On my desk I have boxes of things everyone needs- journals, test corrections, quiz corrections and quarter sheets of scrap paper for quizzes (and every random thing I want to remind myself of).

Last year I had everything on my desk, which meant kids were in that area all the time.  When students wanted to hand work in I had them put it on my chair because I didn't trust that it would land in the right spot otherwise.  It was definitely chaotic and messy.  Now when I feel motivated to grade I just grab the manila folder of the class coming up (or really, the one filled with something easy to grade), grade and transfer to the corresponding color pocket folder.  Then I reset and I'm ready to go!  Now if only I could get started...

Sunday, October 02, 2011

Reflection and Self Assessment

This year's school-wide focus is writing.  Many math teachers groan or cringe or opt out of the reading/writing initiatives, but I've always had kids do a minimum of daily journaling; sometimes up to entire stories or paragraphs explaining projects.  Last year's school-wide focus was rubrics.  It was our NEASC evaluation and so we were supposed to all use the same rubrics so kids had continuity.  I would argue that students are more intelligent than we give them credit for and don't need that much continuity, but the idea behind the rubrics was okay and I was able to reformat them into something I find kid-friendly.  The result of these two foci is an ellipse (math joke!), okay, actually it's a double sided weekly reflection sheet.

Journal and CW Rubric

We operate on a block schedule, so if I collect these every Friday that's 5 days (barring schedule changes, which happen approximately daily, okay not really, but I do plan to count how many of the two week periods I get all 5 days filled in).  I used to carry around a clipboard all class and mark down any time a student was off task.  This, combined with attendance/tardies made up their classwork grade.  I'm still making occasional notes on my clipboard, and of course still taking attendance, but most kids are pretty honest when they fill in the rubric.  The original plan was to have them out on desks all class so every time a student was off task or doing a good job at one of the sections I (or my co-teacher) would mark that down on the rubric.  This turned out to be totally unrealistic.  If a kid is off task I don't want them to find their rubric for me to write on, I want them to get to work!  And several of them relate to behaviors when I am standing at the board.  Instead, I'm trying to use the language on the rubric when I reprimand or congratulate students on the behavior, and making a few notes so if my memory completely fails me for some reason they won't get an unreasonable grade.
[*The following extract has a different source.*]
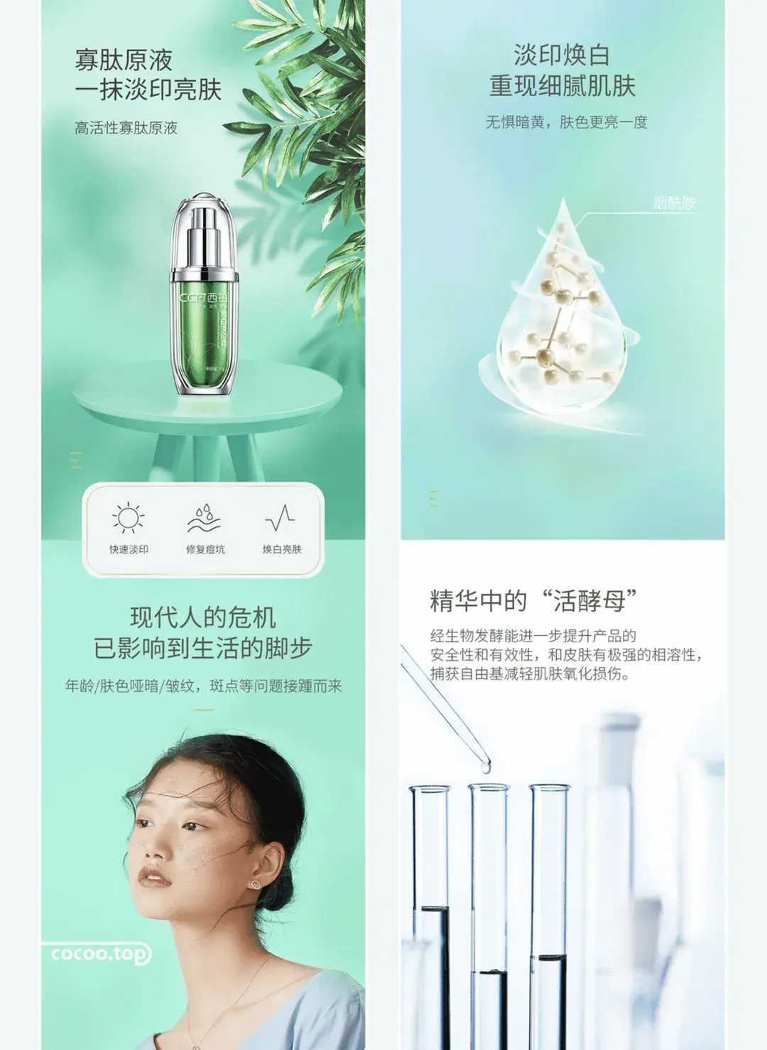 女性产品宣传海报无论是配色还是核心图,通常都带有明显的女性痕迹。所以为了使效果统一,可以选择秀气、修长。文字颜色建议与背景颜色或核心图的颜色一致,这样既能保持页面色调一致,又能清晰表达营销意图。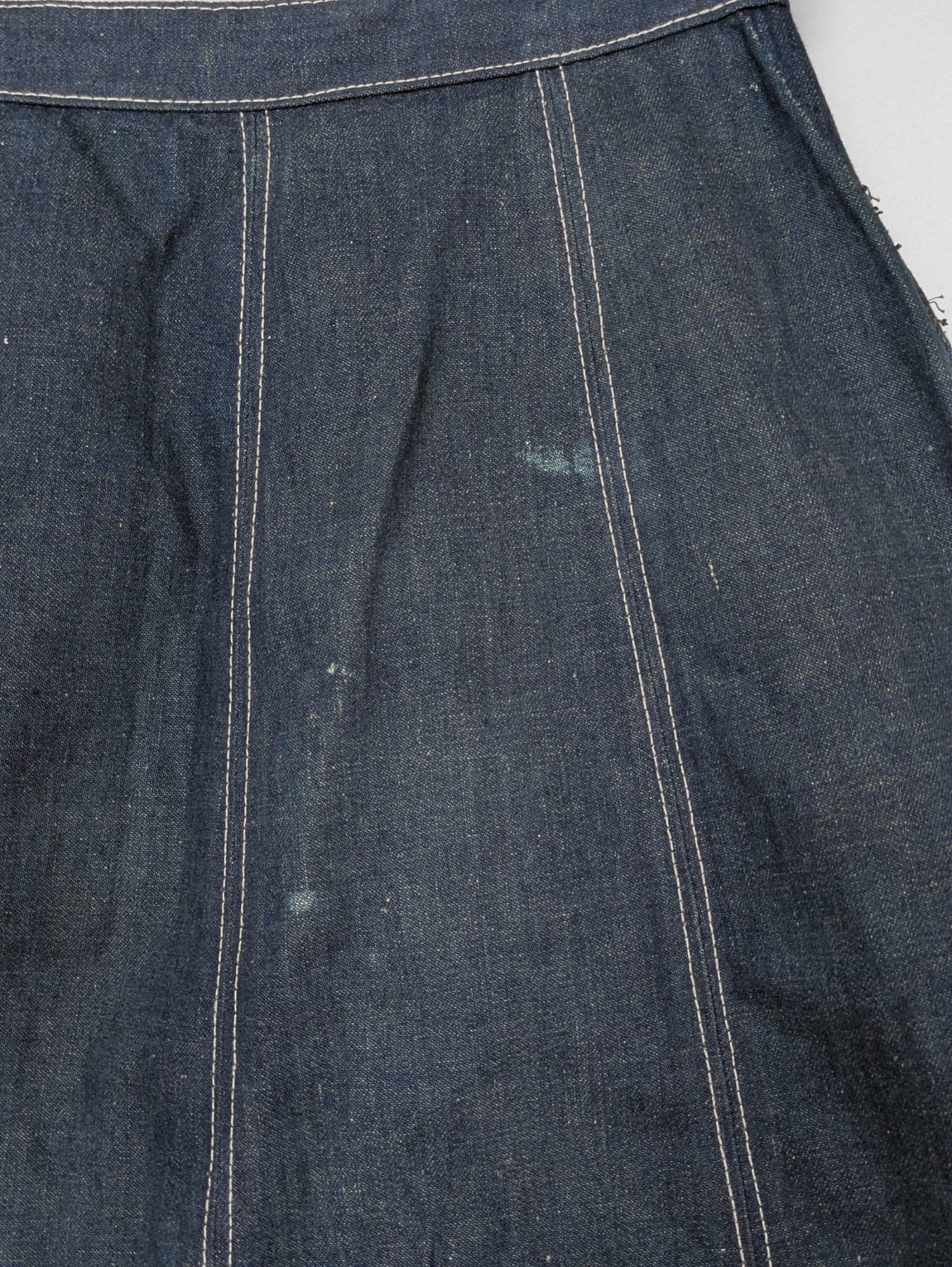 Incredible western studded skirt circa 40s/50s. Likley Stockton Of Dallas. Seems unworn, with storage stains that are less noticeable than the photos depict. Would benefit from a soak, but leaving this up to the buyer (let us know if you'd like us to take care of it though!)

The journal side looks boring now, but that's because the questions will be on the board.  Every day they will be asked "How did you meet the objective(s)?" and if they didn't to explain why.  There's also a second question that varies.  Some examples: to make a connection, to predict, to reflect (what are your goals for 2nd quarter? how should you study for the test?).  I expect a minimum of two sentences and they don't get credit otherwise.  The first week of past years I'd get quite a few "writing in math class?!?" exclamations, but this year there weren't so many.  It's a quiet way to close class and students will remind me that it's journal time if I get too caught up with a lesson.  The goal is to get students thinking about what they did in the hope that more of it will stick until next class (2-4 days away thanks to block scheduling).  The first question has changed year to year, sometimes asking what math they learned and other times about the objective.  I'm hoping that they will be more precise if they have to justify how they met the objective, although I'll miss the occasional comment about how someone did some really cool math in science class.